What's Mine is Yours

No one really warns about how in becoming a parent whatever is yours essentially becomes theirs. The food we eat - all fair game. So the slice of toast left on the counter top while running to grab a sweater disappears just as quickly as the order of your room will unwind on a slow Sunday morning while you step out to water the plants. The bed made an hour ago scattered consistently with dirty socks and a trail of neon lego squares beneath your feet. The towels washed and hung last night rumpled and soiled by four filthy hands come lunch time. Candles carved with tiny canyons by a baby's curious fingernails. The furniture traced with permanent marker, walls etched in colored pencil. Coffee mugs chipped, window panes cracked. All your pretty dresses tangled up in the slink of shinny polyester super hero capes that keep appearing no matter how many times you went to put them in their rightful place.

The books torn or water logged from regular mid morning spills. Shoes mismatched. With one floating in leftover bathwater and the other one flung into the bushes beneath the front widow where all good things go to die.

A laptop paused to a post a new recipe highjacked to refresh the video on simple drone construction.  Two golden rings missing from a ceramic jewelry hand. Three records broken. One bag of chips in the pantry you stocked two days ago now all that remains.

Everyday I watch all corners of my sparse and muted bedroom become a candy colored wasteland of disagreed toys pepped with gum wrappers and action figures welding weapons strewn around the floor, hot wheels hidden in the sheets when I turn in. Tiny crumbs on my pillow where I rest my head. Where I make the rounds picking up and putting away pieces of their boy hood eclipsing corners of my womanhood. Cursing the small crack in my perfume. Begrudging the chocolate they found and devoured before I even had the chance. Fantasizing about long baths without the wild limbed baby taking note and climbing in.
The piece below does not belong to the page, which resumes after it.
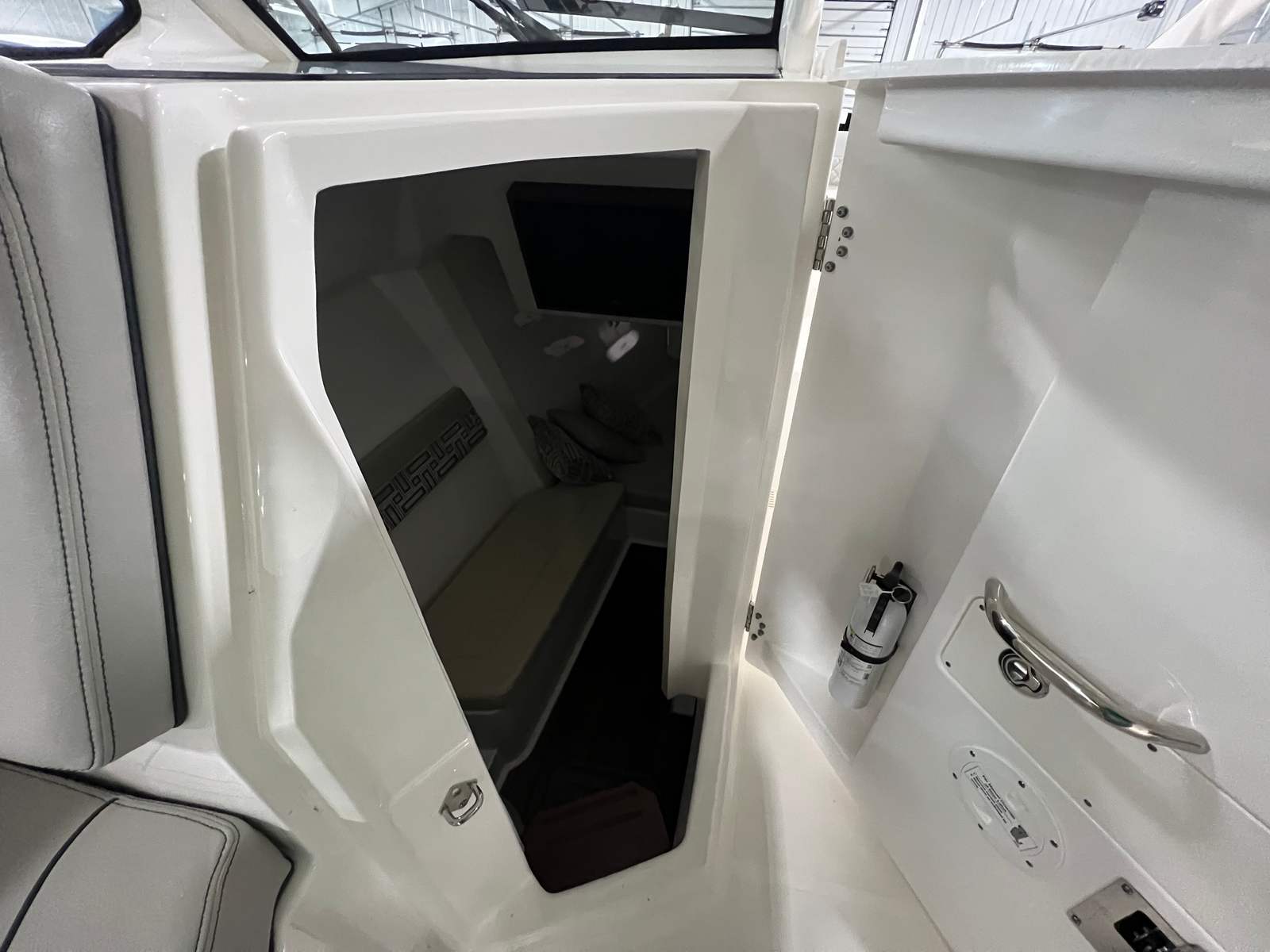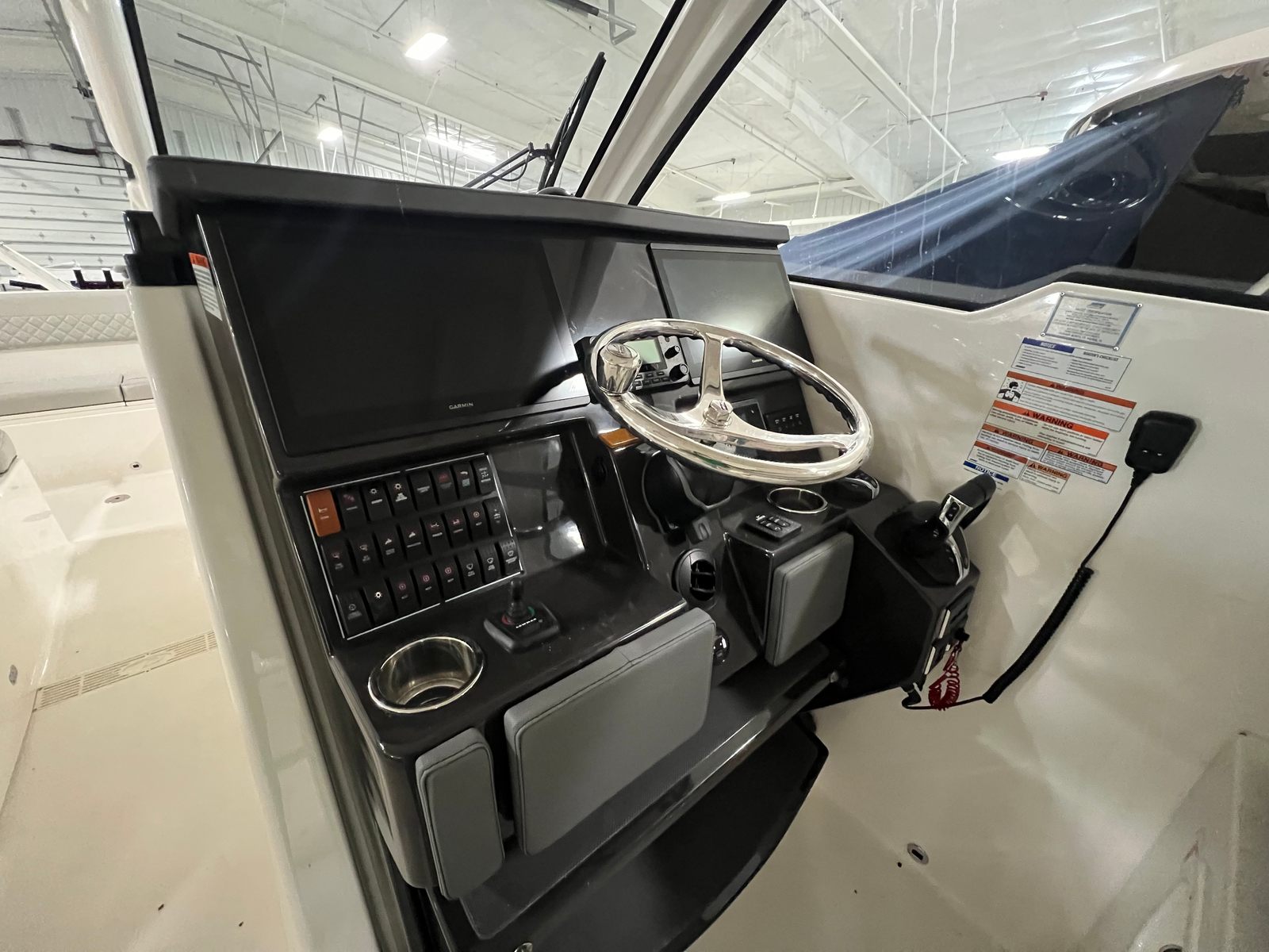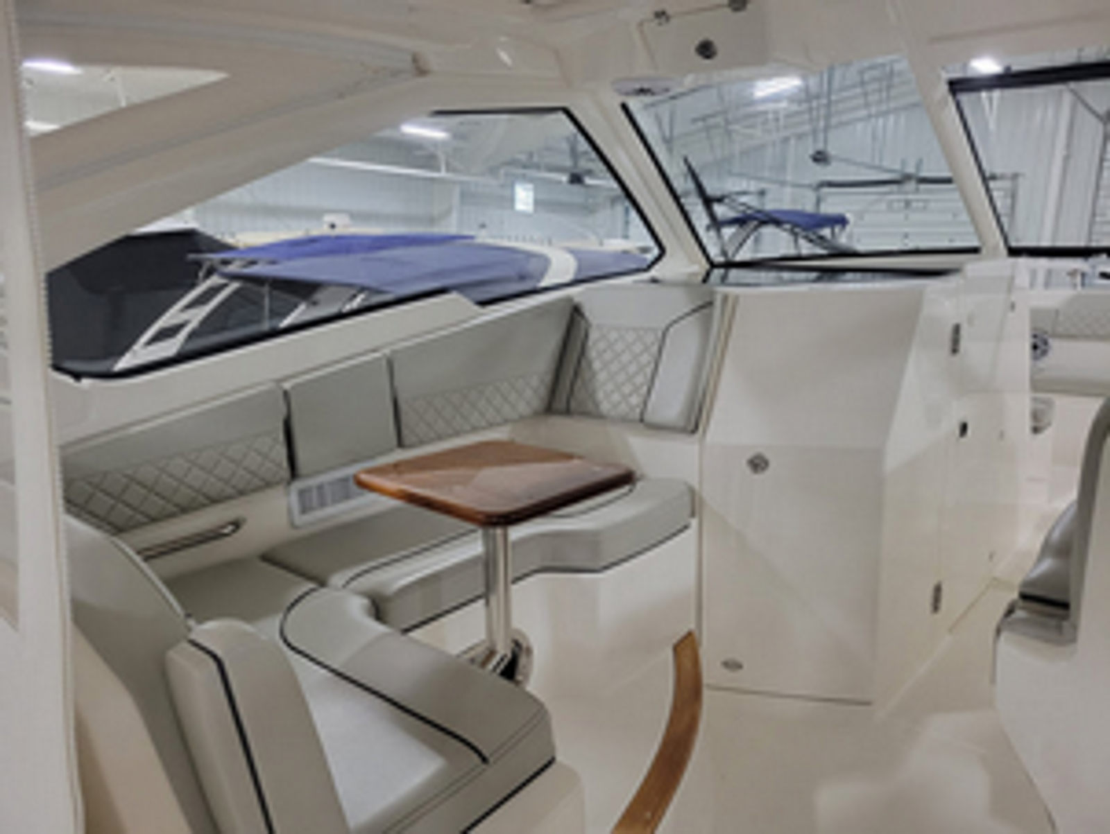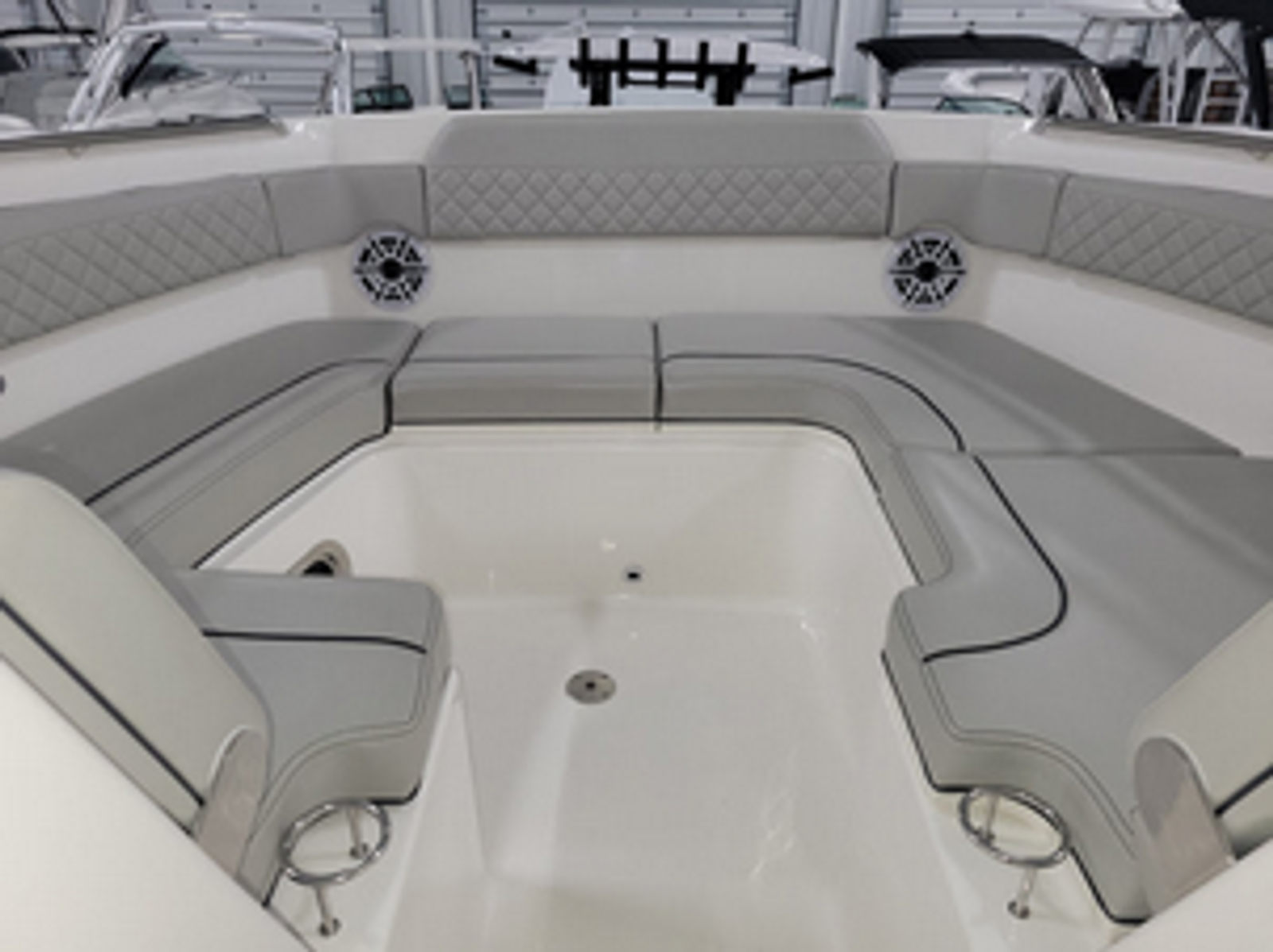 The Pursuit DC 365 is loaded with features that enhance comfort, convenience, and enjoyment on every outing. With six onboard batteries and a dedicated battery charger, you can count on reliable power for all your electronics and accessories. The aft bench seat provides a comfortable spot for guests to relax and take in the views, while the bow seating area is perfect for sunbathing or socializing at anchor.For those who love to entertain, the cockpit grill and wet bar transform the deck into a floating kitchen, allowing you to prepare and serve meals with ease. The double wide helm seat ensures that both captain and companion can enjoy the ride in comfort, while the hard top offers protection from the elements, extending your boating season and keeping everyone shaded on sunny days. Cockpit coaming bolsters add an extra layer of comfort and safety, especially during active pursuits like fishing or water sports.

What's ours is theirs. The unwritten rule of motherhood we come to accept because in reality we wouldn't have it any other way. And I suppose we know (behind what frustrations these fleeting days come to ignite) that a quiet clean house awaits us down the line, at the end of it all. When they've grown and gone and there's little left to pick up then except our selfs, and maybe a few of those old folded interests we clung to in the younger days of youth, days before they arrived to clutter up and change the game (and our hearts) for good.